可溶性１本鎖Ｔ細胞レセプター融合複合体を調製する方法であって、方法は以下の工程：
Ｖ−α鎖、Ｖ−β鎖及びＣ−β鎖を含む１本鎖Ｔ細胞レセプターを含有して成り、癌抗原の認識に特異的であるＴ細胞レセプター鎖を提供する工程；
ＩＬ−２若しくはそのフラグメントを含む生物学的に活性なポリペプチド鎖を提供する工程；
Ｔ細胞レセプター鎖および生物学的に活性なポリペプチド鎖をペプチドリンカーに連結する工程；ならびに
連結されたＴ細胞レセプター融合ポリペプチド複合体を回収し、それによって、Ｔ細胞レセプターが１つの認識結合部位を有し、生物学的に活性なポリペプチドがそれとは異なる認識結合部位を有する、可溶性１本鎖Ｔ細胞レセプター融合複合体を作製する工程；
を包含する、方法。
癌又は腫瘍を治療するための治療用組成物であって、治療に有効な量の請求項１に記載の可溶性１本鎖Ｔ細胞レセプター融合複合体、および滅菌の、薬学的に許容される担体を含有する、治療用組成物。

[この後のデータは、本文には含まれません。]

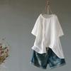Jaro Léto Jednobarevné Krátký rukáv Košile s kulatým výstřihem Knoflíček Up Tričko Čistá bavlna Len Dámské oblečení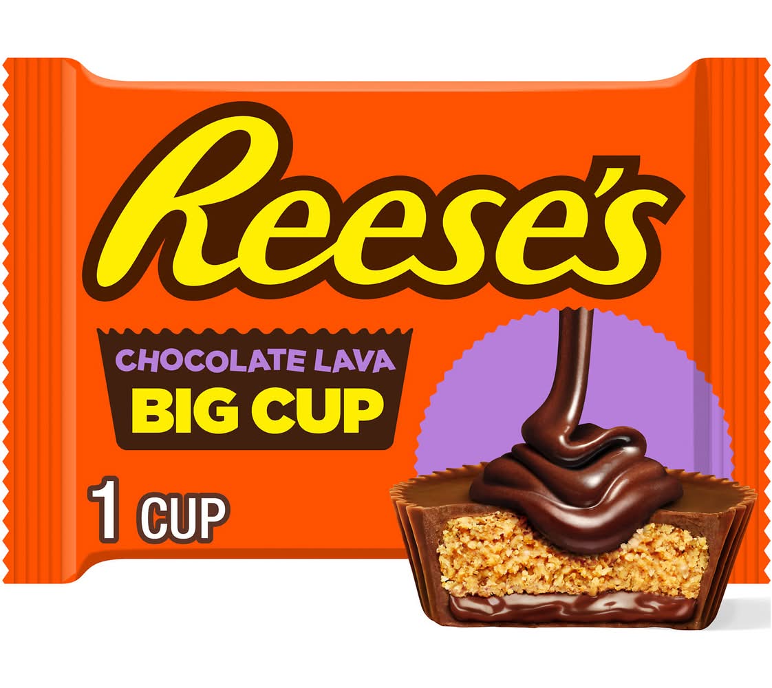 Get ready to taste perfection! You can't beat the old-fashioned, match-made-in-heaven when it comes to creamy milk chocolate combined with delicious peanut butter, now with a decadent layer of chocolatey filling. cups are ready to be your go-to snack. Bring a few packs along to the next sporting event, party, movie marathon, game night and so many other activities for an extra bite of peanut butter and ooey, gooey, chocolatey goodness. Store a handful of packs in your pantry to easily slip into lunch boxes and purses for a midday surprise. These extra chocolatey peanut butter cup candies are a sweet delight that you can bite, break, dunk or nibble on. Yes! Dunk them into a cold glass of milk, a cup of hot chocolate or your coffee to experience the melty goodness. Put a unique twist on cookies, cupcakes and ice cream sundaes with whole, halved or crumbled cups. These kosher certified and gluten free treats go well with almost everything, especially during your holiday celebrations. Add them to Christmas stockings, Halloween candy bowls, Valentine's Day gift bags and Easter baskets. Just don't forget to save a few. Flavor: Chocolate lava

ペプチドリンカーによって連結されたＴ細胞レセプターおよび生物学的に活性なポリペプチドを含有する可溶性Ｔ細胞レセプター融合複合体をコードする核酸であって、ここでＴ細胞レセプターが、癌抗原の認識に特異的な１つの認識結合部位を有し、および生物学的に活性なポリペプチドが異なる認識結合部位を有する可溶性１本鎖Ｔ細胞レセプター融合複合体をコードする核酸であり、
前記生物学的に活性なポリペプチドが、ＩＬ−２若しくはそのフラグメントであり、そして
前記Ｔ細胞レセプターが、Ｖ−α鎖、Ｖ−β鎖及びＣ−β鎖を含む１本鎖Ｔ細胞レセプターポリペプチドである、
可溶性１本鎖Ｔ細胞レセプター融合複合体をコードする核酸。
核酸がＤＮＡである、請求項４に記載の核酸。
核酸がＲＮＡである、請求項４に記載の核酸。